Key Terms in this Chapter

Demand Planning: Demand Planning is a function in any supply chain organization wherein forecasts or expected sales patterns are created based on historical sales, trends, seasonality for a particular product or a category of products.

Capacity: The work that can be done over a specified period of time. It can be calculated at the Work Center, Work Area or Plant Level. It is usually stated in hours. Capacity = (number of machines) X (utilization) X (efficiency) per time period.

Inventory Turns (Inventory Turnover): The number of times that your inventory cycles or turns over per year.

ABC Classification: A method of classifying inventory into groups. A typical method is to multiply the Unit Price by the annual Expected Volume.

Statistical model: A statistical model embodies a set of assumptions concerning the generation of the observed data, and similar data from a larger population. A model represents, often in considerably idealized form, the data-generating process.

Safety Stock: The stock held any location in the supply chain network that is in excess of what the company expects to sell or ship. The purpose of Safety Stock is to act as buffer inventory to account for unexpected customer orders, longer than expected manufacturing or transportation time.

Statistical: The likelihood that a result or relationship is caused by something other than mere random chance.

Supply Chain Network: The network created amongst different companies producing, handling and/or distributing a specific product. Specifically, the supply chain encompasses the steps it takes to get a good or service from the supplier to the customer.

POS (Point of Sale Data): Data that shows the actual units sold. Usually tracked by bar code scanning.

Supply Variability: Variability in expected supply at a location from the source due to variation in lead times, transportation, logistics, supply or information sharing issues.

Stock Outs: A stock out, or out-of-stock (OOS) event is an event that causes inventory to be exhausted.
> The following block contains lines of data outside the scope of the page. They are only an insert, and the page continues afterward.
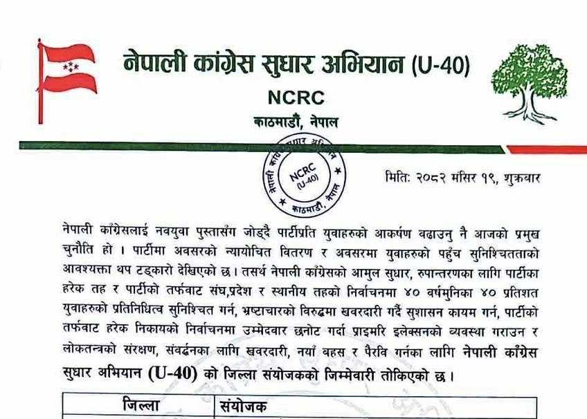 नेपाली कांग्रेस (NC) लाई नयाँ पुस्तासँग जोड्ने र पार्टीमा युवा सहभागिता सुनिश्चित गर्ने उद्देश्यका साथ सञ्चालित नेपाली कांग्रेस सुधार अभियान (U-40) को कपिलवस्तु जिल्ला संयोजकमा युवा नेता कृष्ण गिरी चयन हुनुभएको छ ।
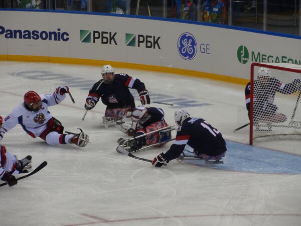Соревнования по следж хоккею проводятся только для спортсменов-мужчин с физическими недостатками в нижней части своего тела. Игра проходит с использованием международных правил по хоккею с шайбой с некоторыми изменениями. Спортсмены сидят в санях с двумя лезвиями, которые позволяют шайбе проскользнуть под ними. Они также используют две палочки, которые имеют шип на конце для отталкивания от льда и загиб-клюшку для владения шайбой и её броска. Спортсмены делятся на три группы.
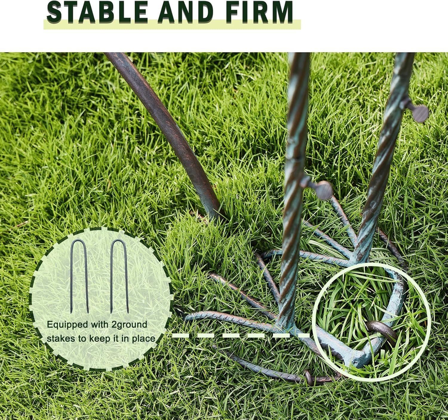• STABLE AND SOLID: Equipped with 2 U-shaped stakes keep the crane bird bath firmly on the grass, even during harsh weather conditions
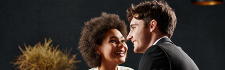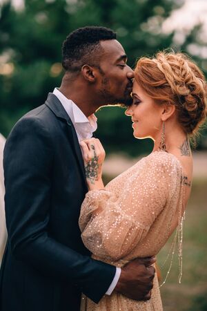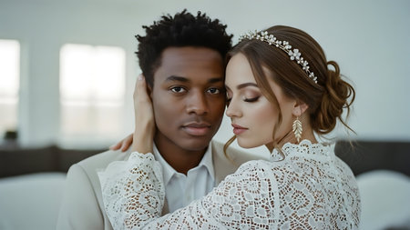 Portrait of beautiful young woman and handsome African American man in wedding dress
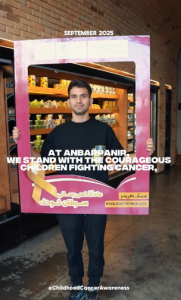 During the campaign, Anbar Panir branches became centers of solidarity as employees proudly wore gold ribbons, and customers received informative leaflets introducing MAHAK’s GO GOLD initiative and inviting them to participate. MAHAK’s campaign photo frames were also displayed in stores, encouraging visitors to take and share photos in support of children with cancer.
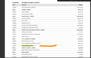 A detailed breakdown shows that security-related institutions dominate spending in this category.
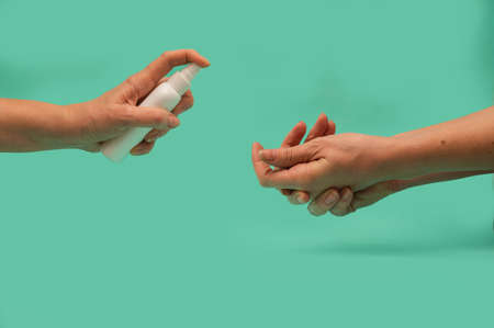 Hands sanitizer spraying on other person hands by spray bottle and pouring disinfecting alcohol gel to palm of other person hand to prevent from covid-19.

While out-of-stocks can occur along the entire supply chain, the most visible kind are retail out-of-stocks in the fast moving consumer goods industry (e.g., sweets, diapers, fruits).
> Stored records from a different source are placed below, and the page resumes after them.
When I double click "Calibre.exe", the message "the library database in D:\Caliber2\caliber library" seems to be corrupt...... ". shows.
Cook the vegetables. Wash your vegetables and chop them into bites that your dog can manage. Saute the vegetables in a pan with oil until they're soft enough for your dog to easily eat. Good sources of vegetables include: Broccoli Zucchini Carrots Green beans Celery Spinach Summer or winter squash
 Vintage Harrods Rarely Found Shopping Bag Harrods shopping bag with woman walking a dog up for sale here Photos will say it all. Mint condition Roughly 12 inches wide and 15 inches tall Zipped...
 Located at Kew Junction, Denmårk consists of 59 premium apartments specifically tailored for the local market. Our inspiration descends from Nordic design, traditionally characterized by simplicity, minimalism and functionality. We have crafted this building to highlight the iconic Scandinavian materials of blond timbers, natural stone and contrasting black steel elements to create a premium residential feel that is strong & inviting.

Empirical: It is derived based on what is experienced or seen rather than on theory.

Logistics: It deals with managing and controlling the flow of goods from the source of the production to the marketplace.

Variability: Variability is basically the difference between what we expect from something and what actually happens. It is the statistical distribution of outcomes one can expect from a process.
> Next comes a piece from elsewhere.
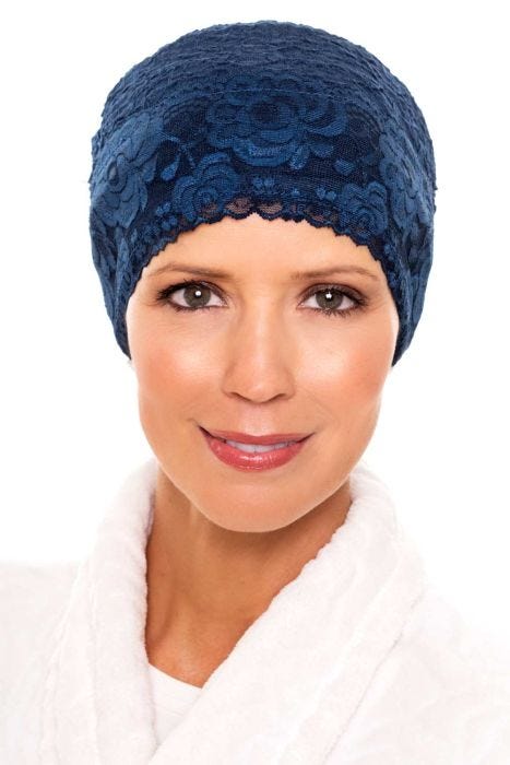 Designed for women experiencing hair loss from cancer, chemotherapy, or alopecia, this sleep hat for women offers soothing coverage through the night—or while lounging at home. The breathable material helps regulate warmth without overheating, keeping you cozy and confident. Each one is sewn in the USA with the softness and craftsmanship you can feel from the moment you slip it on.

Lead Time: The time between the need for goods and the receipt of the goods. This time can be made up of order preparation time, manufacturing time, transportation time, receiving time and quality check time.

Standard Deviation: A quantity expressing by how much the members of a group differ from the mean value for the group.

Forecast Error: A comparison between actual demand and forecasted demand. It is usually stated as a percentage.

Customer Service Levels: Certain goals are defined and the service level gives the percentage to which those goals should be achieved.

Demand Variability: How variable is your demand or actual sales from expected behavior or trend.

Supply Chain Planning: Supply chain planning (SCP) is the forward-looking process of coordinating assets to optimize the delivery of goods, services and information from supplier to customer, balancing supply and demand.

Forecast: An estimation of the future demand for a product. It is usually stated as a quantity (or value) over a specific time period. There are a number of inputs into a forecast, such as: historical data, market trends, marketing data and sales force feedback.